Poca solidarietà per la Siria
Tempo di lettura: < 1 minuteI cristiani siriani «hanno visto l’Onu organizzare dal 2005 la partenza sistematica dei rifugiati iracheni verso i Paesi occidentali», e adesso provano angoscia anche per «l’indifferenza e il silenzio mondiale davanti al loro lungo e triste calvario… sono abbandonati, destinati alla morte senza poter fuggire… i consolati sono chiusi da un anno e mezzo». Così Samir Nassar, arcivescovo di rito orientale maronita di Damasco, che spiega come la Chiesa sia diventata una sorta di «muro del pianto», alla quale i cristiani siriani ricorrono per cercare aiuto e speranza.

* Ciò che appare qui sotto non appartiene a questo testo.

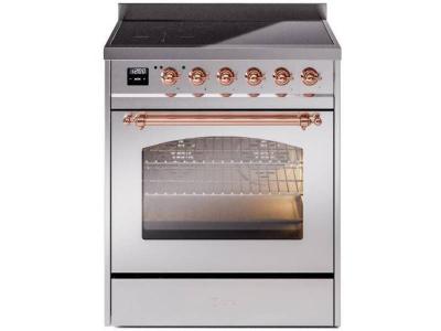 30" ILVE Nostalgie II Electric Freestanding Range in Stainless Steel with Copper Trim - UPI304NMP/SS
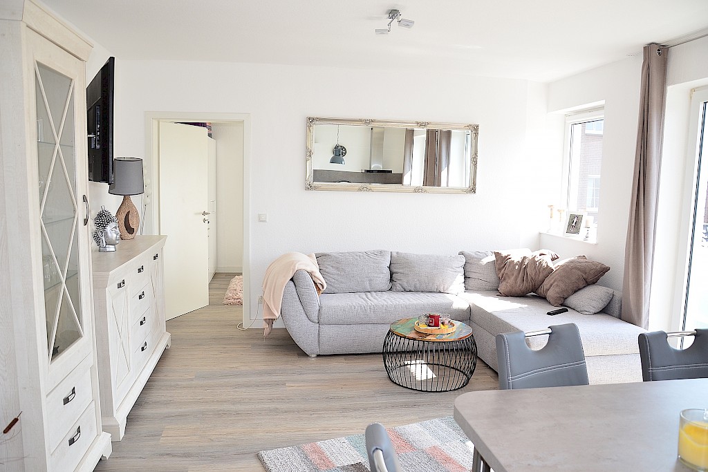 Zur Vermietung steht die moderne Obergeschosswohnung Nr. 6 und besticht durch seine lichtdurchfluteten Räumlichkeiten und sorgt somit für eine behagliche Wohlfühl- Atmosphäre. Die Mietwohnung unterteilt sich in einen großzügigen Wohn- und Essbereich mit offen gestaltetem Kochbereich inkl. neuwertiger Einbauküche mit Arbeitsinsel, ein geräumiges Schlafzimmer, ein hell gestaltetes Duschbad, ein Gäste- WC sowie Eingangsbereich mit Garderobe. Vom Wohnbereich als auch vom Schlafzimmer aus gelangen Sie auf den sonnigen Balkon in optimaler Westausrichtung. Zum Mietangebot gehören weiterhin ein PKW- Stellplatz auf dem Hausgrundstück sowie ein gemeinschaftlich genutzter Abstellraum für Fahrräder.
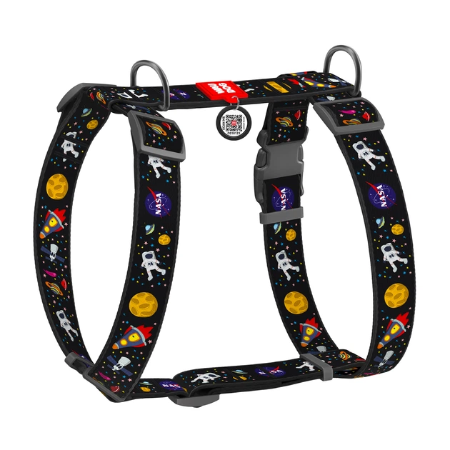 Шлея для собак анатомічна H-подібна WAUDOG Nylon з QR-паспортом, малюнок "NASA", пластиковий фастекс, XL, Ш 35 мм, А 55-95 с
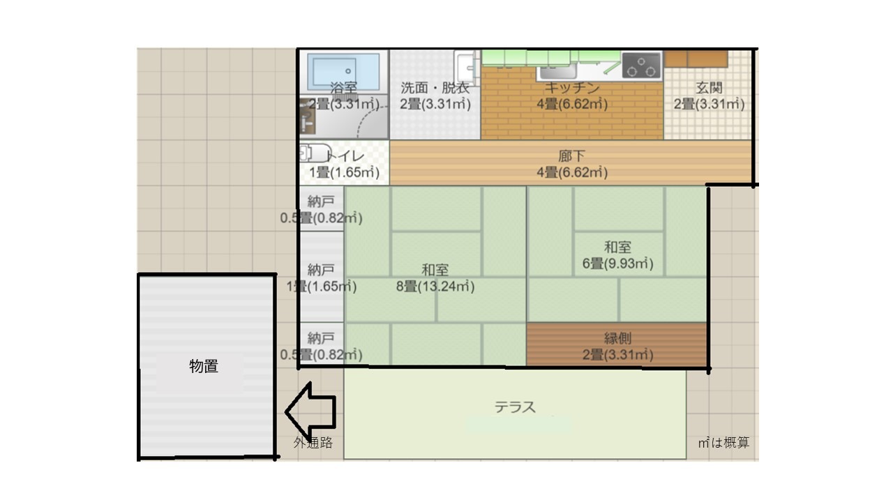 | 備考 | 現状渡し、植木有、権利譲渡、建物内外不用品は売主が撤去 | ||
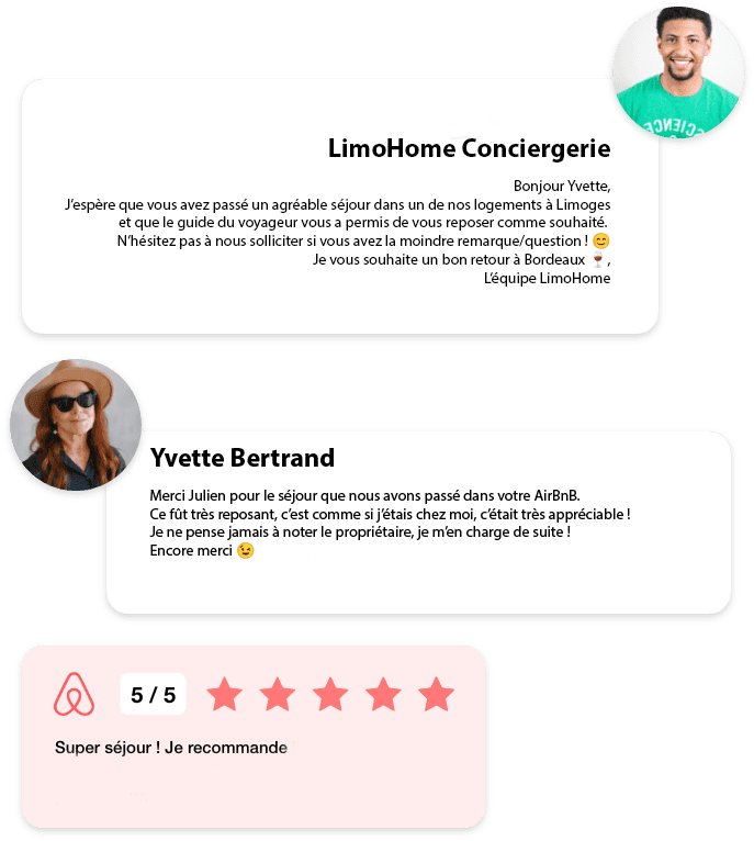 Maximisez vos revenus locatifs avec LimoHome Concierge. Nous prenons en charge l’accueil des voyageurs, le ménage et l’entretien de votre logement à Limoges, Saint-Junien, Feytiat, Nexon et Brive-la-Gaillarde . Offrez une expérience haut de gamme à vos invités sans effort !
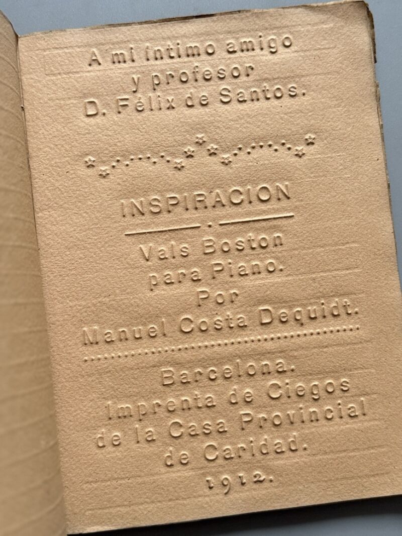 Observaciones: Inspiración. Programa de Vals Boston para Piano compuesto por Manuel Costa Dequidt. Se lo dedicó a su íntimo amigo y profesor D. Félix de Santos. Este era ciego de manera que se publicó en braile por la Imprenta de Ciegos de la Casa Provincial de Caridad de Barcelona. Encuadernación rústica. Medidas: 22 x 16cm..
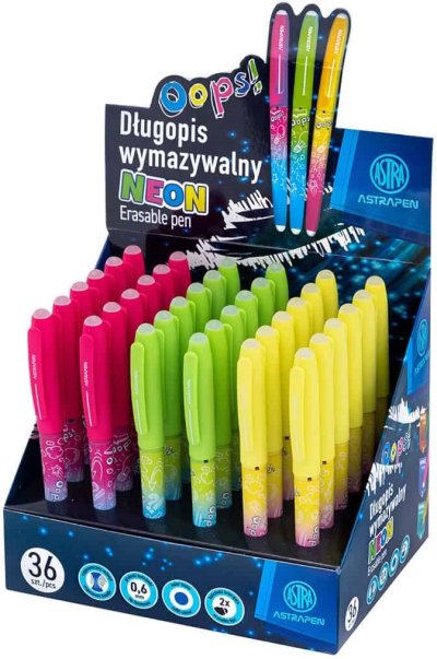 Obsahuje špeciálny atrament, ktorý sa dá zmazať oboma koncami pera. Pero je vyrobené zo špeciálneho protišmykového plastu a má modrú vymeniteľnú náplň. Šírka stopy: 0,6mm.
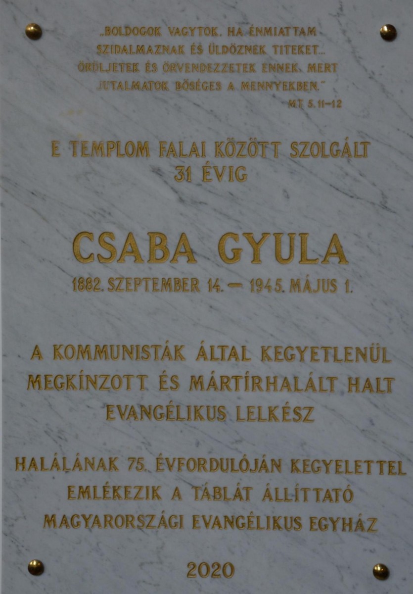 1945. május 1-jére virradóra Csaba Gyula evangélikus lelkipásztor szemét kiszúrták, nyelvét kitépték, testét megbecstelenítették, végül keresztre feszítették, más források szerint agyonlőtték. A mártír lelkész holtteste soha nem került elő. Emlékére még tavaly, halálának hetvenötödik évfordulójára készíttetett emléktáblát a Magyarországi Evangélikus Egyház (MEE). A járvány miatt ezt csak idén tudták kihelyezni Péteriben, június 20-án, vasárnap pedig Fabiny Tamás elnök-püspök jelenlétében adták át és koszorúzták meg.
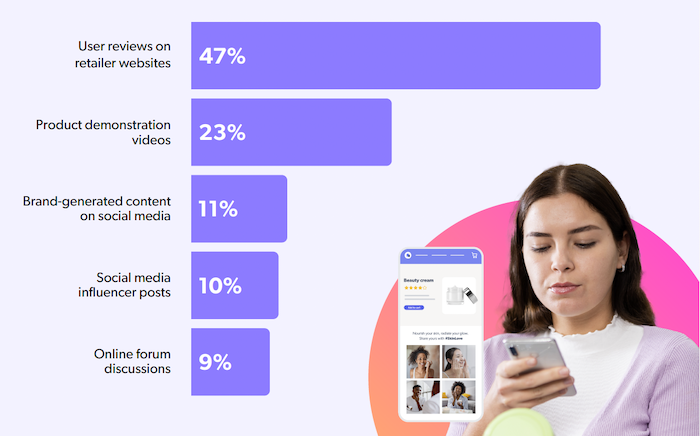 Nejčastěji si spotřebitelé přes USG vyhledávají elektroniku (62 %), módu (46 %) a kosmetiku (42 %). A hledají ji nejvíce na webových stránkách obchodníků (47 %), ve videích demonstrujících daný produkt (23 %), ve značkovém obsahu na sociálních sítích (11 %) a u influencerů (10 %). Pro mladou generaci je přitom více než pro starší ročníky důležité, aby byla případná spolupráce se značkou, sponzoring či jakékoliv partnerství, transparentně komunikována. Zásadní je to pro 28 % respondentů z generace Z, 26 % mileniálů, a jen 12 % lidí starších 65 let.
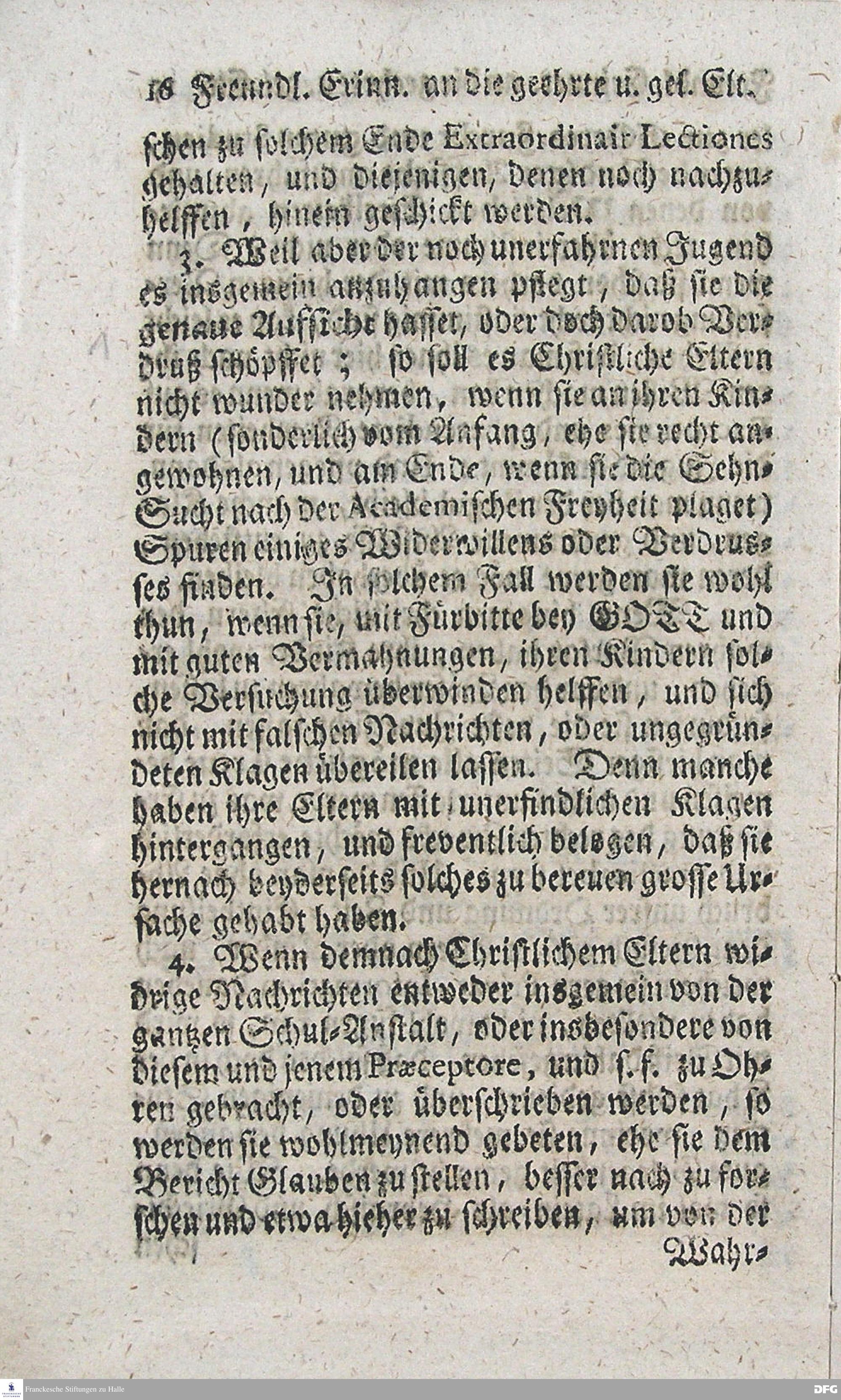 Kurtzer Bericht von der Gegenwärtigen Einrichtung Und Beschaffenheit Der Lateinischen Schule des Waysenhauses zu Glaucha an Halle, samt angehängten Nöthigen Erinnerungen An die lieben Eltern der Scholaren; Wie auch Eine Summarische Anzeige Der zur jährlichen Unterhaltung erforderlichen Kosten: Zum Dienst derer, Welche Nachfrage zu thun pflegen, im Druck vorgeleget Von dem Directore der gesammten Anstalten August Hermann Francken, SS.Theol.P.P.Ord.Past.Vlric. und Scholarcha. HALLE / zu finden im Waysenhause. MDCCXX.

Mons. Nassar spiega che i poveri vorrebbero lasciare il Paese, ma non possono, al contrario dei propri fratelli più agiati, e sono costretti a rischiare la morte «in questa guerra insensata». «L’appello del nuovo Papa Francesco in favore dell’amata Siria risuona nei loro cuori…. La Chiese sorelle del mondo intero pregano e mostrano il loro affetto per questo piccolo gregge, senza poter placare la tempesta». Nella tempesta, i pastori si trovano stretti da un dilemma: incoraggiarli a restare è consegnarli alla morte come «agnello muto davanti al macellaio». Aiutarli ad abbandonare il Paese, seppur possibile, sarebbe privare questo luogo della presenza degli ultimi cristiani. A loro non resta che affidarsi al cuore di Dio, vivendo in prossimità con chi soffre, nella speranza di far percepire la prossimità del Signore che dice: «Non abbiate paura, io sono con voi».
Le parole del presule siriano sono state riportate dall’agenzia Fides il 13 aprile.